I think Steve Jobs had a famous line that I’m paraphrasing: complexity is easy; simplicity is hard. To create a product or a service that is simple requires enormous effort because all that effort must be done behind the scenes. At FAS, we maniacally focus on identifying what not to do, what to drop off our lists, and what is less important, so we can dedicate all our efforts on key priorities that facilitate the mission of FAS. It reminds me of the story when President Kennedy visited NASA. He asked a janitor who was working in the facility what he did there. The janitor responded: "I help to land a man on the moon." This story illustrates the importance of alignment to a single goal. When you have that alignment, magic can happen, and impossible things can be undertaken. Critical to doing this is building a workplace culture. Culture doesn't happen automatically. Culture is something that happens when you leave the room. When the leader leaves the room, what do people talk about? What do they prioritize? How do they make decisions? That's culture. It is ultimately the leader's job to create a culture that will form the right environment of trust and empowerment for people to be effective and thrive. 

On Supply Chain and Cyber Risk. Regarding supply chain risk and resiliency, there are two aspects to this challenge I wanted to highlight. One is the overall security and risk associated with the supply chain. It’s important to under how we can reduce risk over time. The second aspect is resiliency. How can we help our supply base be more resilient in the face of increasing risk exposure from cyber challenges to subsequent supply chain disruption?  

Our top priority is to maximize customer value and mission productivity. We must ensure our acquisitions align with cybersecurity policies and objectives. It's not just enough for us to say here's a new regulation and everybody must comply. We must actively go out of our way and reach out to these communities and help them understand and develop internal controls to assess the security of their software. 

For example, the infrastructure bill requires the deployment of some 500,000 electric vehicle charging stations across the nation. Each one of these charging stations are network-connected device. FAS is proactively working with the suppliers in this community to help them understand NIST standards their products must follow, how to comply to them, how to document, test and validate these products at pre-staging. We are doing this to make sure that when an agency purchases a charging station all cybersecurity measures have been tested and are built in. We don’t want to make this burdensome for suppliers. We want to do it in a way that adds value but ensures products and solutions FAS supplies meets the latest federal cybersecurity requirements and standards. 

On Using Data to Make Better Decisions. Our mission is to deliver comprehensive products, services, and solutions that the government needs at the best value and in compliance with appropriate regulations. The federal buying power is an important lever in achieving our key priorities. When agencies buy through FAS, the discounts that we have pre-negotiated consistently far exceed anything an agency can do on their own. 

We are also working to foster a sustainable federal supply chain. This involves increasing security and reducing supply chain risk while also improving opportunities for small businesses. 

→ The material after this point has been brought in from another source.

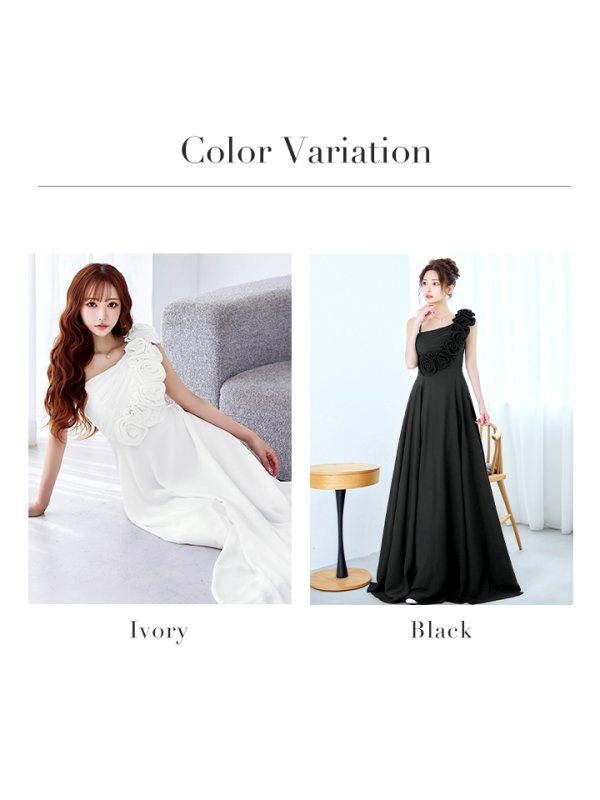 Lサイズあり【CLEO CLOE/ クレオ クロエ】パーティードレス/ ステージドレス/ イベントドレス/ 立体フラワーフリル/ アシメショルダー/ ノースリーブ/ Aライン/ フレア/ ロングドレス long[OF05]

We manage this process across tens of thousands of companies and suppliers and millions of products through a data‑driven approach. At FAS, we use data to make better buying decisions When you collect and analyze data you gain insight and become a smarter buyer that can negotiate on multiple dimensions. We are putting all the mechanics in place to do just that. It's already showing results. We are seeing hundreds of thousands of products that have been in the supply chain that don't meet our criteria. Working together over the last year, we have removed over 500,000 products from our supply base. 

I am very encouraged how the use of data continues to help us gain better insights into the supply chain process allowing FAS to identify risks more effectively and negotiate better pricing.